Don't feel bad! I have briefly taken in a friend's cat before, when I already had two myself - which wasn't ideal, but I'm a softy for cats in need of a home. Even if your friends can't do it, they may know somebody who would be willing - I'd feel free to tell all of your friends what you're looking for, how much you can pay, and see if they know anyone who may be interested. That way you aren't asking them directly, but you are getting the word out.
posted by coffeecat at 7:51 AM on January 23 [1 favorite]


Definitely ask your vet's office for recommendations and any other highly-rated vets near you. I suspect there must be a vet tech or other vet-med professional around who would jump at the chance to earn some extra money being a temporary cat sitter in their home.
posted by cgg at 8:01 AM on January 23


Definitely ask friends, being in the UK you'll know that you can phrase it as "we're going to be in between homes for a while, do you know anyone who might be able to look after out cat?" so you aren't asking the friends directly. Ask them to spread the word.

I very quickly found someone who was able to take in my cat when I couldn't have him for an indefinite amount of time - turned into nearly 9 months. I paid for everything and made sure we were clear about me taking him back; he was also an outdoor cat but had to be indoor in this case and quickly adjusted.
posted by sarahdal at 8:02 AM on January 23 [1 favorite]


I would try finding an elderly person who loves cats and used to have cats themselves, but didn't get another cat after their last cat died because they were worried about what would happen to the cat if the cat outlived them. I bet they would love some temporary kitty company and the catsitting money could be a huge help to someone on a fixed retirement income.

The best way to find that person is to ask everyone you know if they know anyone like that who might be interested in being paid to foster your cat for a few months. It's very likely that someone in your network knows a suitable person.
posted by Jacqueline at 8:18 AM on January 23


I can't think of any friends who could take him and I feel bad asking.

Ask! Either one of them secretly covets your cat, would love a cat that someone else was providing financially for (free cat! But in a good way!), or they may know people they trust who would be suitable.

Sometimes -- often, I'm finding, as my circle of acquaintances matures -- older people won't adopt an animal even though they _love_ animals just because they worry about dying and leaving the animal behind. You have a wonderful solution for that!

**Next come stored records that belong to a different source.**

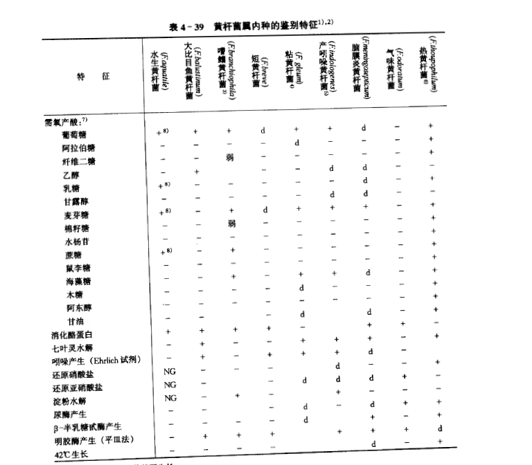 直杆状,端圆,通常为0.5μm X 1.0-3.0μm,细胞内不含聚和羟基丁酸盐,不形成内生孢子,革兰氏阴性。不运动,无滑动或泳动。严格好氧。外环境分离物可在37°C生长。在固体培养基上生长,产生典型的色素(黄色或橙色),但有些菌株不产色素。菌落半透明(偶尔为不透明),圆形(直径1-2mm),隆起或微隆起,光滑且有光泽,全缘。接触酶、氧化酶、磷酸酶均阳性。不消化琼脂。有机化能营养。在低浓度蛋白陈培养基中由碳水化合物产酸不产气。DNA的G+Cmol%为31-45。广泛分布在土壤和水中,在生肉、乳类和其他食物以及医院环境和人类的临床标本中都有检出。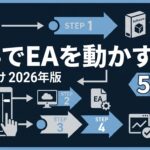 ※本記事の情報は2026年4月時点のものです。スプレッド・ロスカット水準・ボーナス条件等は変更される場合があります。最新情報は各ブローカーの公式サイトでご確認ください。本記事はEAの運用成果を保証するものではありません。過去の実績は将来の成果を保証しません。EA投資にはリスクが伴います。投資判断はご自身の責任において行ってください。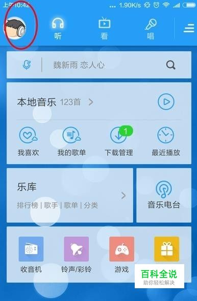 在音乐播放的默认页面,我们可以看到左上角有个头像的模块,我们这边点击头像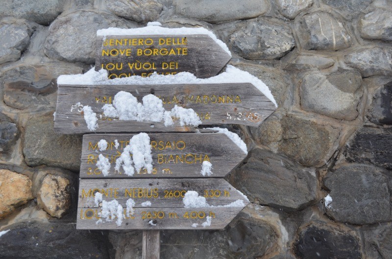 Au 1er jour de la semaine de rando GAAG de février 2018 dans le Val Stura, on s’arrête au col de Larche pour en faire une première avant de gagner notre gîte à Sambuco. (Recommandé)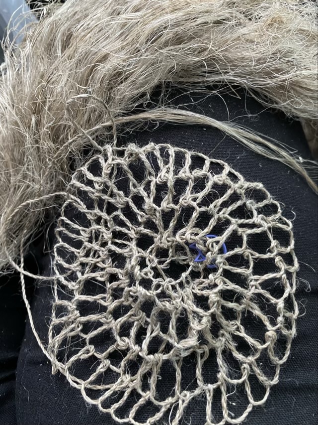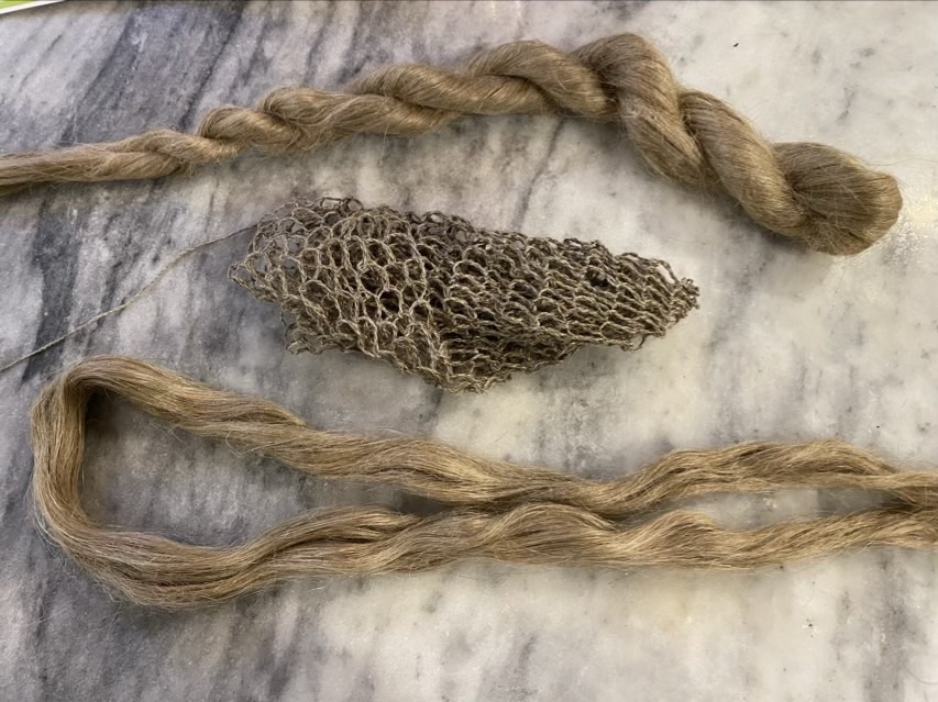 I finished twining and stitching a linen string bag using long line flax and a loop and twist construction. I would twine a section, then loop that section, so the bag was made with a continuous length of string. I did not used any tools other than my fingers. As you can see in the photo above it looks a little wonky. I took it to the sink, gave it a soak in tap water, then laid it out to dry. The transformation was remarkable.
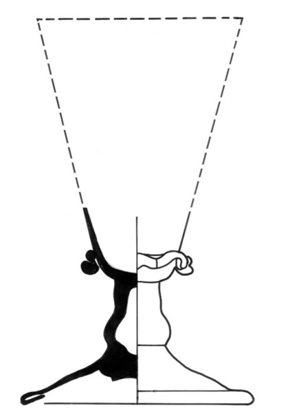 | 4b vorm | conisch kelkglas, aan onderzijde kelk gegolfde draad, holle balusterstam, schijfvormige voet met pontilmerk |

Building on that: maybe ask at an organization nearby that caters to older people.

If you really want him to be able to hang out outside, I might start with your nearest neighbors.


Prepare an approach and some questions so that you can make sure your fosterer has the same empathy and love for animals that you do.

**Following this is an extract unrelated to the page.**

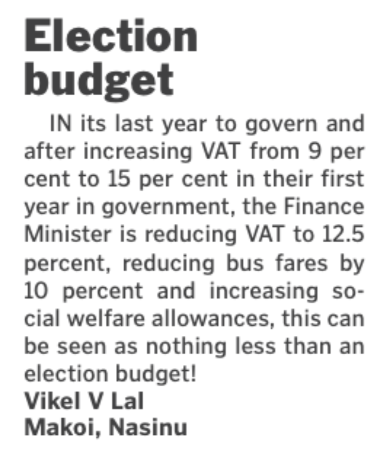 In reply to Baiman delivers a Khaiyum Budget.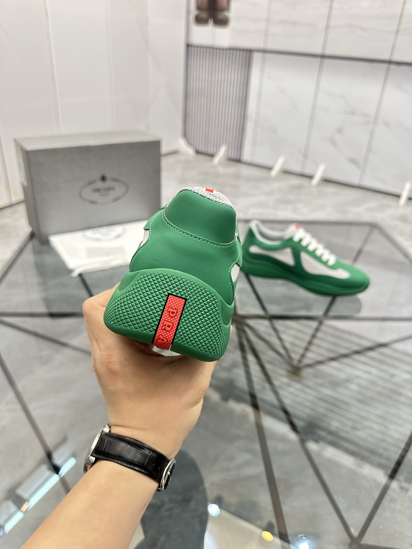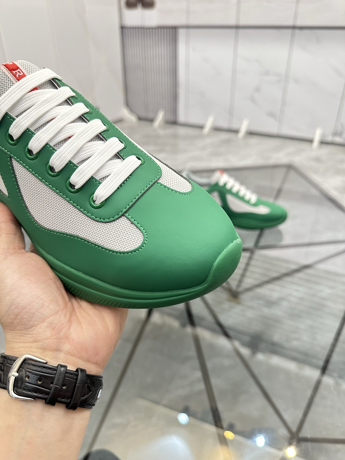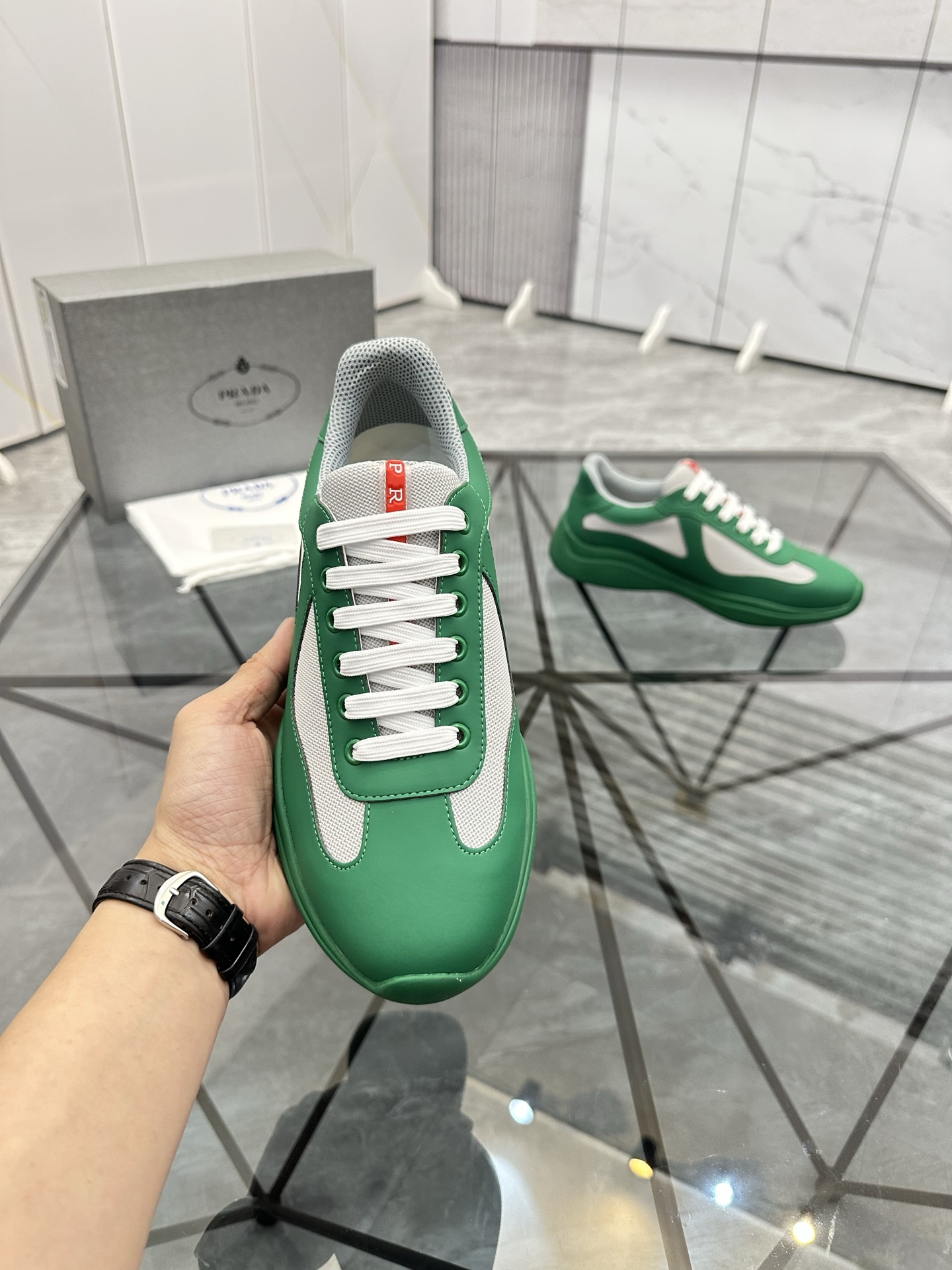 这款鞋子是AAAAA 1:1 质量 (非常棒). 使用了和原版一模一样的材料. 商标部分也保持了和普拉达/Prada一样. 图片拍摄是实物鞋子拍摄, 您所收到的实物保证和我们图片一模一样.

(I'd shy away from putting him in an indoor/outdoor situation if he has to go more than a quarter mile away, though.)
posted by amtho at 9:58 AM on January 23


If you're on facebook or other social media, I'd post about this and make it shareable by friends.

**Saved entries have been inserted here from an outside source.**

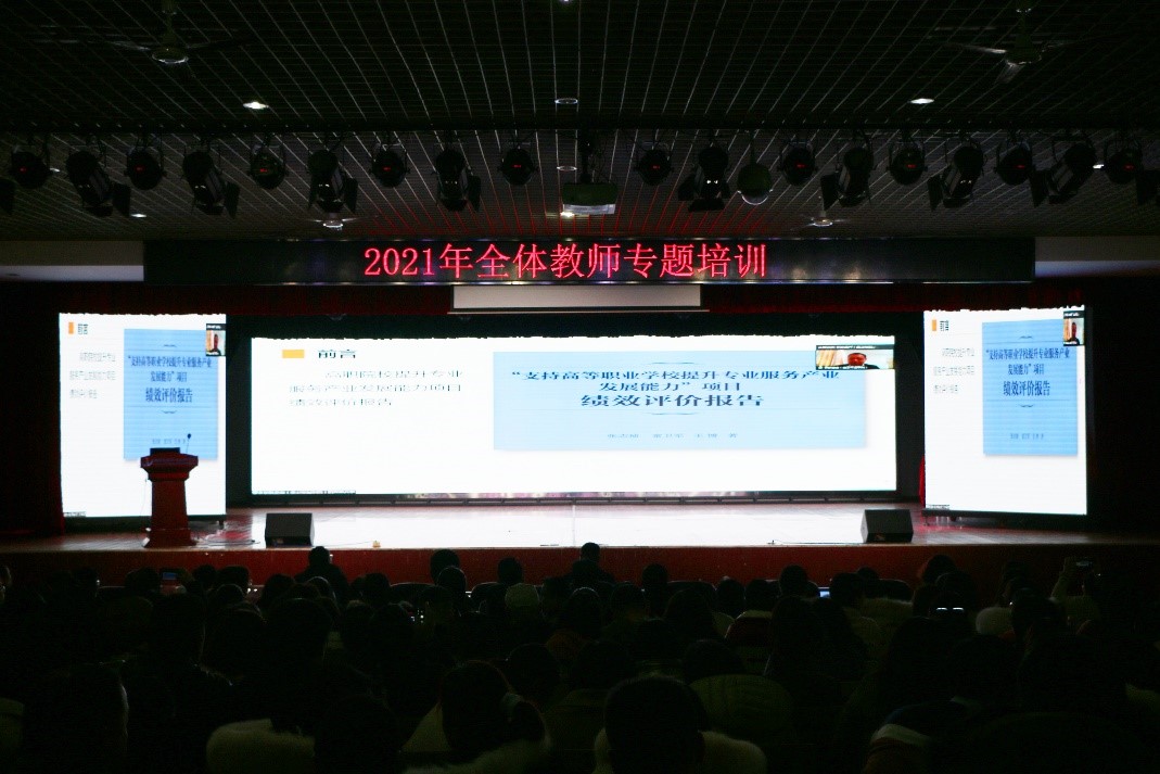 朱焕桃解读了提质培优行动计划的主要目标、任务,介绍了专业结构精准对接区域产业发展需求、持续推进高水平专业建设、创新思想政治教育模式、推进标准体系建设、加强教学团队建设、深化产业学院内涵建设等2021年学院重点工作。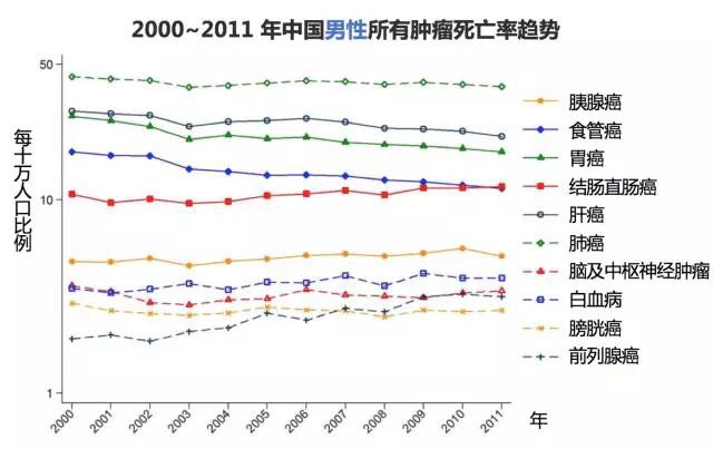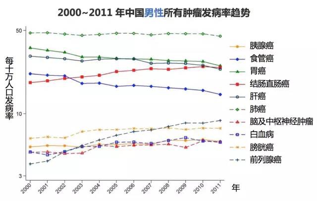 (7) 將所有癌癥歸納在一起,2000年到2011年期間,男性癌癥發(fā)病率保持穩(wěn)定,而女性的發(fā)病率顯著增加(每年21.1%)。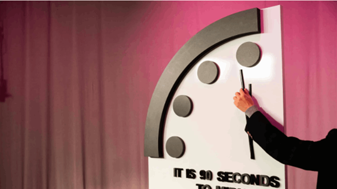 وهذا يعني أن خطر محو البشرية لنفسها من خلال حرب نووية أو الاحتباس الحراري العالمي أصبح الآن أكبر من أي وقت مضى منذ إنشاء الساعة. ويتم الإعلان عن الضبط الرمزي للساعة مرة واحدة في العام.

Depending on the type of workplace you have, I'd reach out informally to colleagues too.

You could also reach out to Cats Protection or another cat rescue charity with branches local to you - NOT to rehome him permanently but to ask if any of their foster or volunteer network might be able to help.
posted by unicorn chaser at 10:25 AM on January 23


Ask your vet, ask your friends, ask local cat sitters. There's a very tiny cattery in my immediate area that takes one to three cats from the same family at a time only, and hosts the cats in what (from the photos I've seen - I've not been there myself) looks to be a furnished-for-humans garden extension, with plenty of cat toys but also a sofa, etc, and the cats get plenty of love and play from humans. I would never have known they existed, if I hadn't been pointed at them by my usual cat sitter. There may be something like that in your area, too.

(My situation was somewhat different, in that I was looking for a replacement cat sitter for the Christmas period after my usual had a family issue and had to cancel on me, so I ended up having the people who run that cattery come to my house twice a day for standard cat sitting instead. Still, the point remains, I could not have found them myself.)